The European Court of Auditors has released a special report to look at whether or not the European Commission and member states were taking all measures necessary to address the issues that stem from inadequate procurement processes. Specifically within the implementation of cohesion policy initiatives, the European Court of Auditors has found errors in the public procurement process to be a significant source of the constant errors that occur within the EU cohesions expenditure.
With a total of 349 billion euros (£395 billion) allocated between 2007-2013 to cohesion policy through European Regional Development Fund (ERDF), European Social Fund (ESF), and the Cohesion Fund (CF). This puts into focus how important proper public procurement processes are when it is the procurement process that is identified by the European Court of Auditors as a major source of the errors within EU cohesion expenditure.

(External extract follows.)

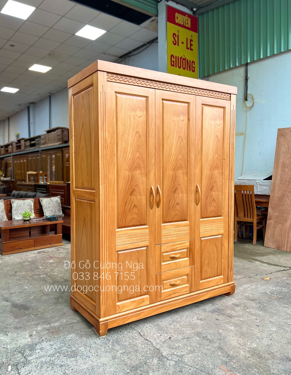 Tủ áo gỗ gõ đỏ 3 cánh - 1m6 mẫu hiện đại
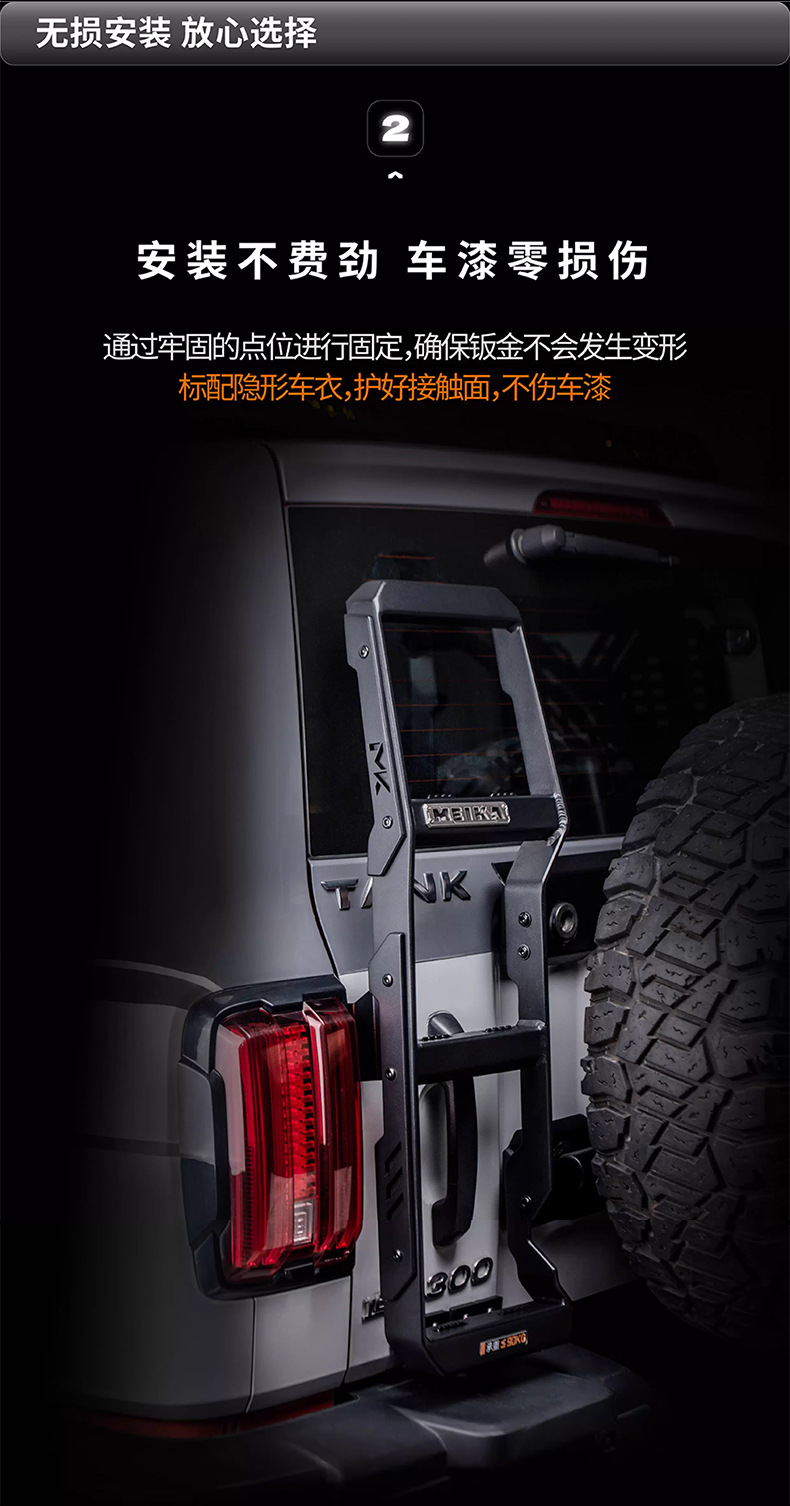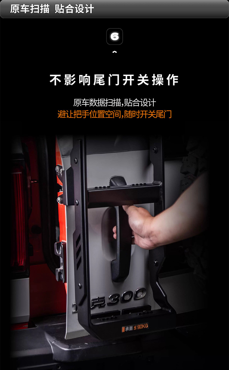 Aluminum Alloy Rear Tailgate Climbing Ladder for Tank 300 Off-Road Vehicle Roof Rack Access

It is a point to note that the report did not propose that public procurement does not have a natural level of errors developed, but it drew into doubt whether or not these errors were being appropriately addressed in order to prevent future issues.
For the compilation of this report the European Court of Auditors examined 1400 plus transactions that occurred between 2009-2013. 40% of the projects within these transactions contained errors in public procurement procedures. Within this 40% of projects unjustifiable direct awards, misconstrued selection criteria, and bias treatment to select tenders constitutes the majority of errors. When this is drilled down, the underlying causes of these errors are the lack of administrative or systematic capacity, the incorrect transposition of EU directives by member states, online casino local interpretation of legislation and insufficient planning.
As made note of previously, the report focus is on what the commission and member states are doing to account for, address, and prevent procurement errors. As such one of the major finding was that there is an insufficient effort made by the Commission or member states to conduct regular and systematic analysis of public procurement. Without such regular process transparency and analysis, in addition to being without detailed data on the process, the errors will continue into the foreseeable future. Legislative changes have commenced, but devoid of analysis and long term data collection, such legislative changes are unlikely to address the full extent of the problems.
This report further emphasises the importance in establishing a full understanding of inadequate procurement, as these processes can have a profound impact upon the efficiencies within public projects. These are the reasons underlying ACE”s Procurement Landscape, focused on the UK, and ACE”s continued pursuit of more efficient procurement processes.
You can read the entirety of this special report by the European Court of Auditors here.